Als die Nazis, unter der Führung von Alexander Weinert dann 18:00 Stellung bezogen, wurden sie mit Lauten Sprechchören und Trillerpfeifen empfangen und so der Lächerlichkeit Preis gegeben. Mit Transparenten, welche an die Opfer des natinalsozialistischen Regimes erinnerten und einer „Hupen gegen Rechts“– Aktion, wurden die Nazis bis zum Ende ihrer lachhaften Veranstaltung am „ehrenvollen“ Gedenken an die „Opfer“ von Dresden gehindert.
Sogar eine Menge bürgerliche Protestler_innen fanden sich später an der Museumskreuzung ein und taten ihrem Unmut über die ca. 40 Trauergestalten kund.
Wollen wir hoffen, dass sich am 7. ( Trauerkundgebung der Nazis) und 8. März noch viel mehr Bürger_innen den antifaschistischen Protestformen anschließen und die Faschos endlich einen richtigen Grund zum trauern haben.

Widerstand gestern und heute – Lesung und Didkussionsangebot am 17.02.2014

Im August 1949, zu Beginn der McCarthy-Ära, kam es wenige Meilen nördlich von New York, wo ein Picknick-Konzert mit Paul Robeson stattfinden sollte, zu
schweren rassistischen, antikommunistischen und antisemitischen Ausschreitungen.

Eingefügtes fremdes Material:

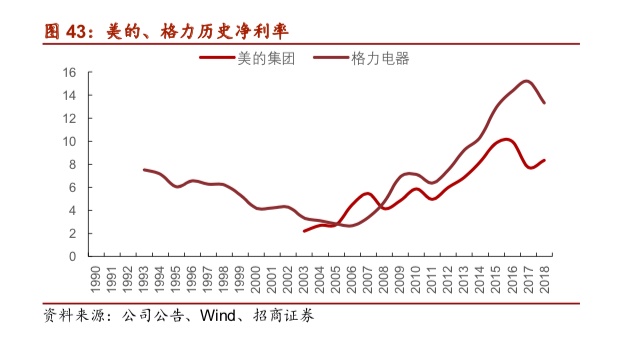 而伴随着消费升级的浪潮出现,企业积极改善产品结构,不断推出高附加值产品,高能效、智能家电开始快速普及,公司历史净利率走向“微笑曲线”的右端。
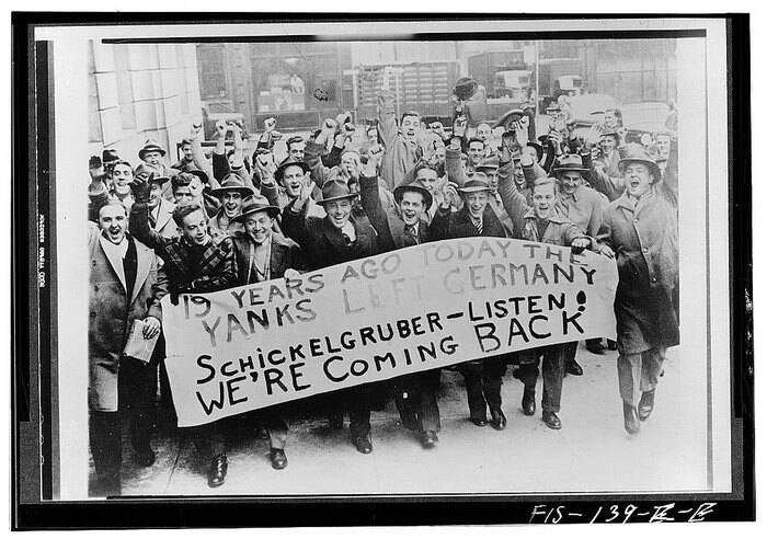 Pvt Baluk was a resiednt in philly and would have loved this scene and crowd i imagine. The context behind it was an effort to counter the radical fascism that was engulfing Europe, soldiers joined the Army to defend their nation and the freedom of others. This was a message to the enemy, saying we did it once we can do it again.
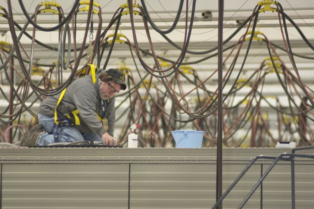 A soldier from the 25th Infantry Brigade Combat Team installs an AS-3900 single channel ground and airborne radio system antenna assembly on a heavy expanded mobility tactical truck A4. (Photo by Justin Eimers, February 2017)
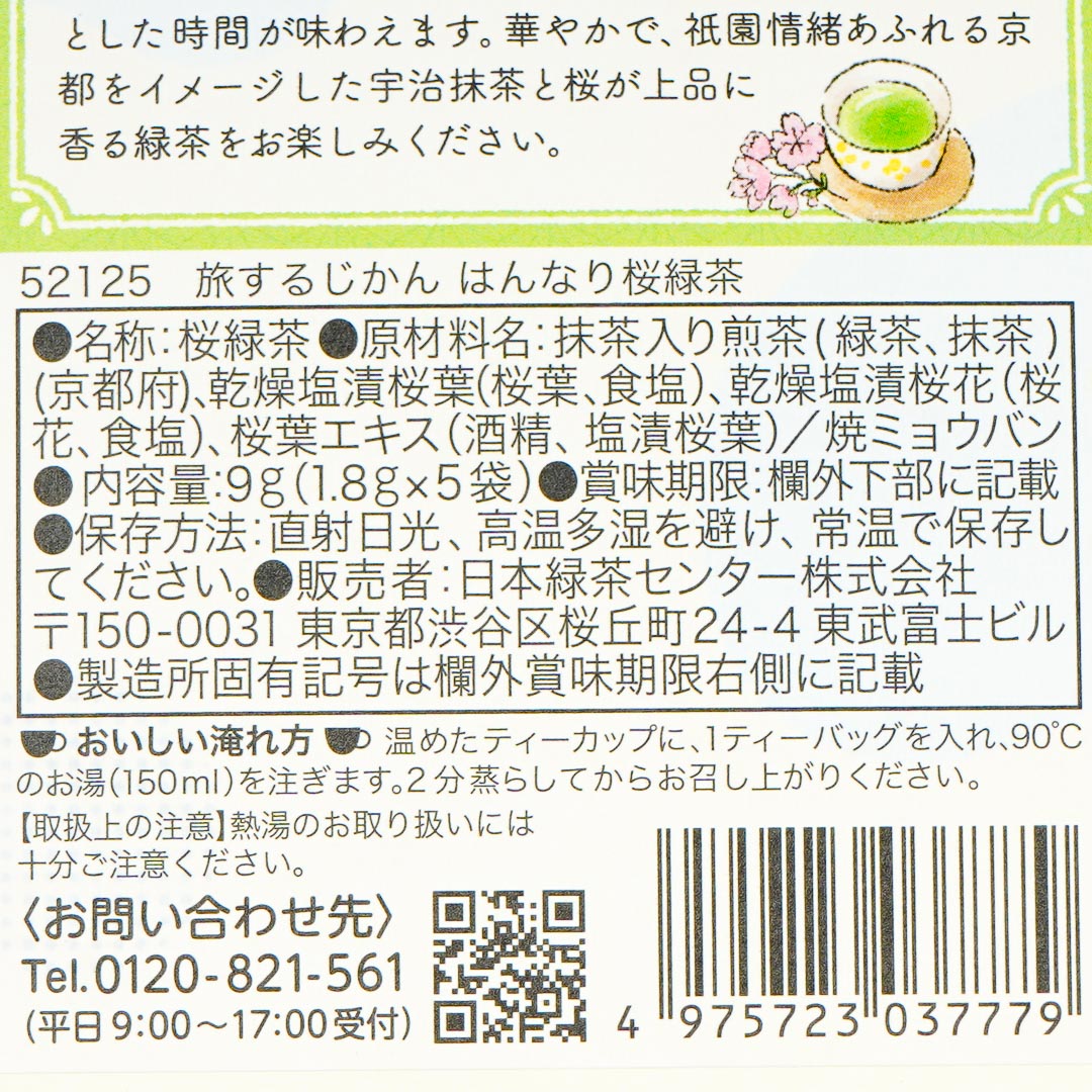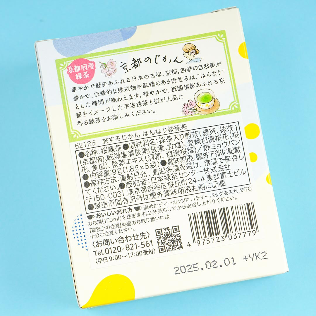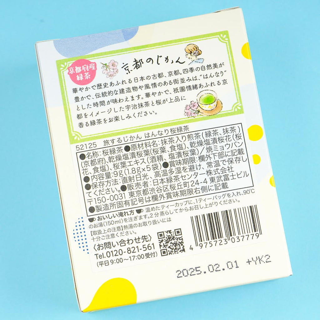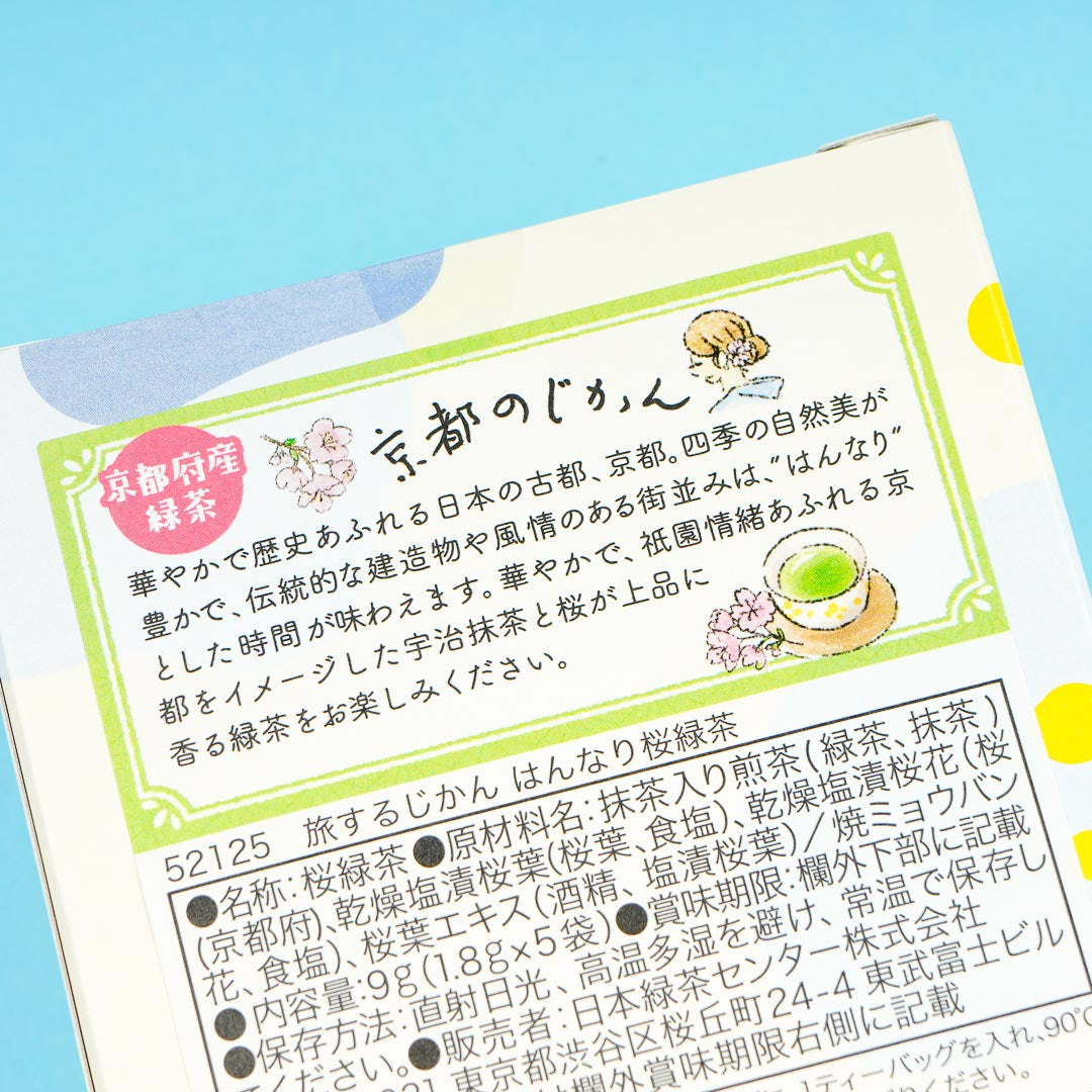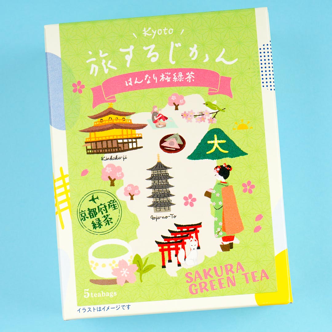 Enjoy a Sakura-themed afternoon tea with friends! This green tea has an elegant scent of cherry blossoms. It comes from the Travel Time series and features the beautiful and relaxing Kyoto Prefecture.
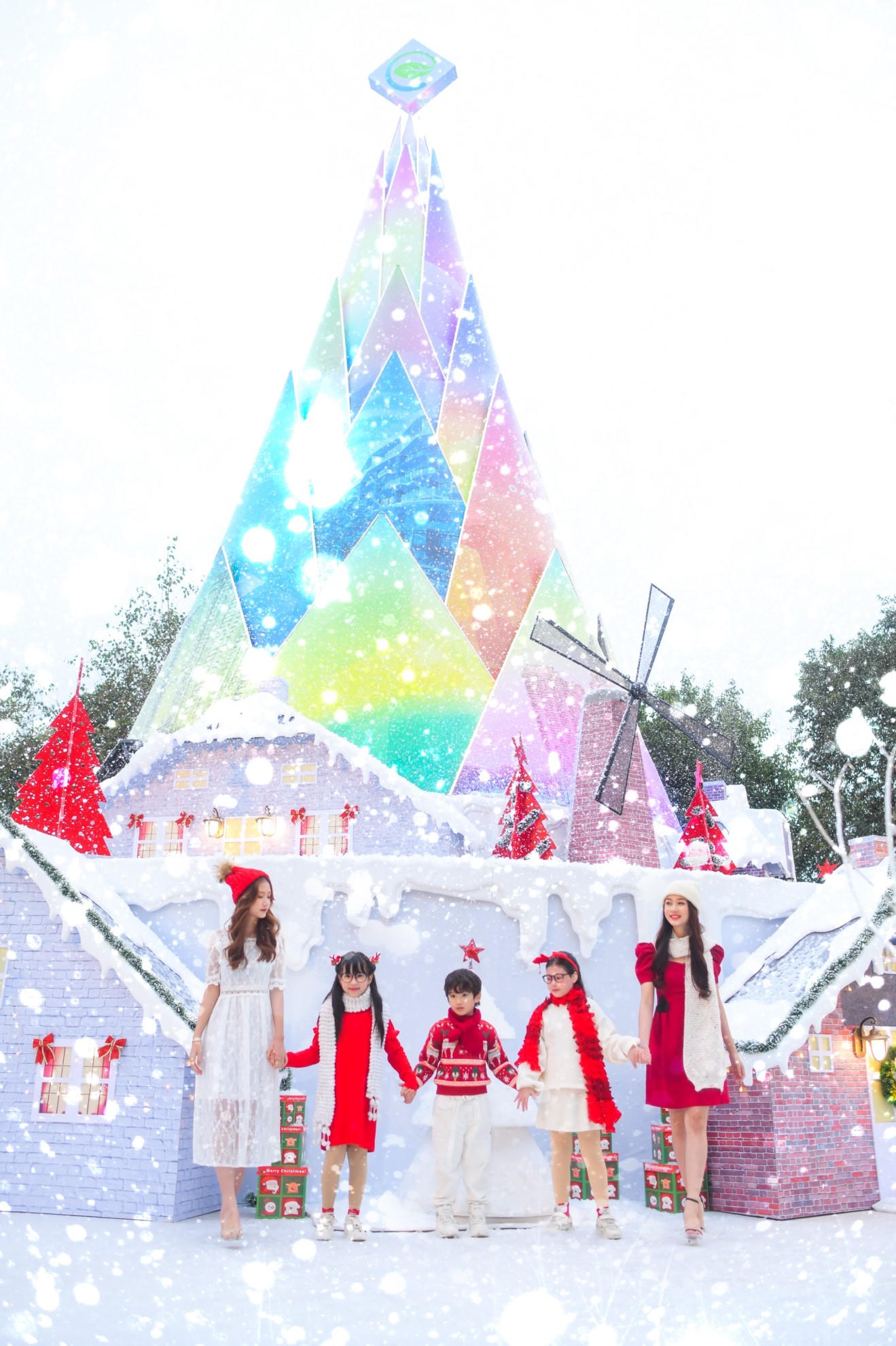 Một ngôi làng cổ tích Bắc Âu lung linh tràn ngập không khí giáng sinh với tuyết rơi được dựng lên trong khuôn viên cây xanh của công viên mùa hạ.
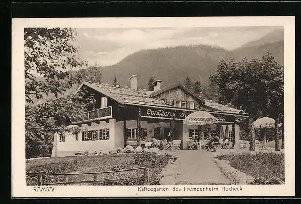 AK Ramsau, Kaffeegarten des Fremdenheim Hocheck

Was damals passierte, und wie die wenigen, den Angriffen eines außer Kontrolle geratenen Mobs Ausgesetzten widerstehen konnten, beschrieb der damals angesehene
Autor Howard Fast in seinem Tatsachenbericht „Peekskill, USA“. Auch T.C. Boyle, Erfolgsautor aus unseren Tagen, verwob das Ereignis in einem seiner Romane.
Aus beiden Büchern wird am Montag, dem 17.02., im Schwabehaus gelesen. Beginn ist 20 Uhr.In Dessau wird gegenwärtig viel diskutiert, mit welchen Mitteln die aktive Bürgerschaft den geschichtsrevisionistischen und demokratiefeindlichen
Aufmärschen von Neonazis begegnen kann. *Blockieren oder dagegen symbolisieren?*
Dieser Frage widmet sich der zweite Teil des Abends.